Used in this way, along with
economic supports for pregnancy and adoption, pro-choice politicians
including President Obama use the term and its close variants to show
pro-lifers that they can better reduce the number of abortions than anti-choice
Republicans.
It is clever politics. But
there is more to it. There are profound differences just underneath
the surface of a seemingly minor tug of war over semantics. These differences
are blurred by the invocation of common ground language. The difference
was cast in sharp relief last year during negotiations over the wording of the Democratic
Party Platform position on abortion. Prolife
evangelicals led by Jim Wallis (and CLURT co-author Joel Hunter) disagreed
with pro-choice leaders over language that sought to reduce the need
for abortion as distinct from the number of abortions. In the
end, the platform unambiguously supported Roe and recognized the need
for abortion. In exchange, the platform also called for greater support
for women who seek to carry their pregnancies to term and for the adoption
option. But the platform avoided the term "abortion reduction."
But have Gushee, Wallis and
Sider changed their views? In 1996 they believed that there is never
a "need" for abortion; rejected the idea that it is ever a moral
choice; and unequivocally stated that criminalization was a goal of
antiabortion legislation — even while they also pursued abortion reduction
tactics under the rubric of Casey. Today, they face different
political circumstances and the Democrats have made some accommodations
in the platform that will likely be implemented in legislation.
The CLURT statement joins a
few pro-choice think tankers with a few prominent moderate evangelicals
in agreeing on broad principles related to sexuality education and family
planning.

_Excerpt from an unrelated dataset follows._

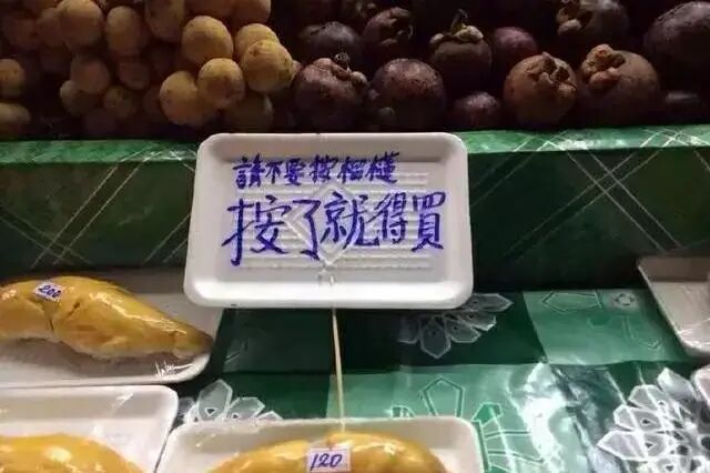 虽然说看似商家卖水果要求不能按压好像是无可厚非的事情,但是还是会让中国人觉得反感,毕竟在我们国家习惯买水果的时候就是要多摸一摸,毕竟有些水果只要摸在手里才知道有没有坏,还要根据软硬度来判断一下成熟度,你标着摸一下就得买,不就有强买强卖的味道了吗,宁愿不买也不受你这个气!

But that’s it. Why then, is it important?
It is important because of
the prominence of these groups in seeking to define what a faith-based,
common ground "governing agenda" might look like. But it is
significant also because of what it does and what it does not do.
First, in its summary language,
CLURT seeks to have it both ways, papering over vital differences with
the slight of hand of language.
"Reducing abortions
(reducing abortion through reducing unintended pregnancies, supporting
pregnant women, and increasing support for adoption)" [Bolding in
the original]
Second, the pro-choice agenda
has always been about expanding access to abortion such that everyone
who needs one can get one; and emphasizing that there should be comprehensive
sex ed and access to contraception so that women and girls can control
their own reproductive future and will not have to make the
choice between termination and carrying a pregnancy to term. But unlike
the Democratic Platform, there is nothing in the CLURT statement that
acknowledges the right to or need for abortion — let alone that universal
access is a dream that is far from realized.
Third, there is nothing in
the CLURT document that suggests that Gushee, Wallis and Sider and their
ant-iabortion allies will not pursue Casey-based policies that
erect obstacles to abortion in the name of reduction, in those states
where it is politically possible to do so.
That these leaders were able
to agree in principle on sexuality education and family planning is
no small thing. But it is not the same thing as finding common ground
on abortion nor does it reflect a commitment to reducing barriers to
abortion or in any way increasing access.
The concept of "abortion
reduction" as a public policy has come a long way since 1996, and
at the same time, no distance at all.